> [Aim of the task] Can you set down, exactly as they appear below, the lines from the opening of the material through the one bearing "プラスキレイのプラスナノHQ", minus the pictures?
---------- Material provided
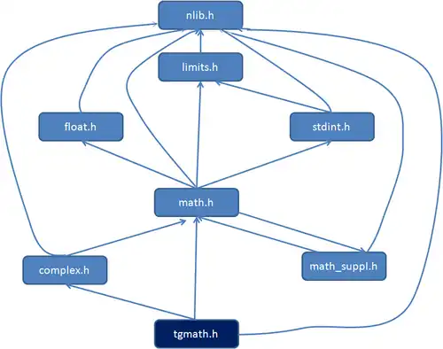 The flowchart below shows the Dependency graph for tgmath.h.[4]
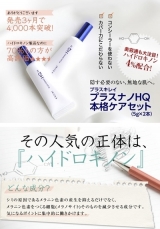 プラスキレイのプラスナノHQのクリームは、話題のハイドロキノンを4%配合したポイント集中ブライトングケア用のクリームです。ハイドロキノンをナノカプセル化した事により、肌の奥深くターゲットポイントまで高濃度でのアプローチを実現しました。いつものお手入れにプラスするだけで、白絹のような無地肌へと導きます。
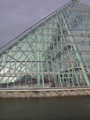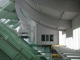 De installaties zijn overigens opzettelijk zoveel mogelijk in het zicht geplaatst. De idee daarbij was dat achter de transparante huid het complete organisme van het gebouw zichtbaar zou worden, zodat je kunt zien hoe het functioneert. Dat geldt voor de luchtbehandelinginstallaties in de nok, voor het bewegingsmechanisme van de ramen met tandheugels, voor de verlichting, en bijvoorbeeld voor de glazenwas-rail op de nokken, maar ook voor het hele ontsluitingssysteem met trappen liften en galerijen en de additionele ‘organen’ zoals het energiegebouw, de entreesluis, het ontvangstpaviljoen, het café en de crèche. Het ingetogen totaalbeeld van Crystalic blijkt door deze ontwerpbenadering bij nadere beschouwing interessante informatie te bevatten: een echt IT-gebouw.
--------------------
> [Answer]
 The flowchart below shows the Dependency graph for tgmath.h.[4]
 プラスキレイのプラスナノHQのクリームは、話題のハイドロキノンを4%配合したポイント集中ブライトングケア用のクリームです。ハイドロキノンをナノカプセル化した事により、肌の奥深くターゲットポイントまで高濃度でのアプローチを実現しました。いつものお手入れにプラスするだけで、白絹のような無地肌へと導きます。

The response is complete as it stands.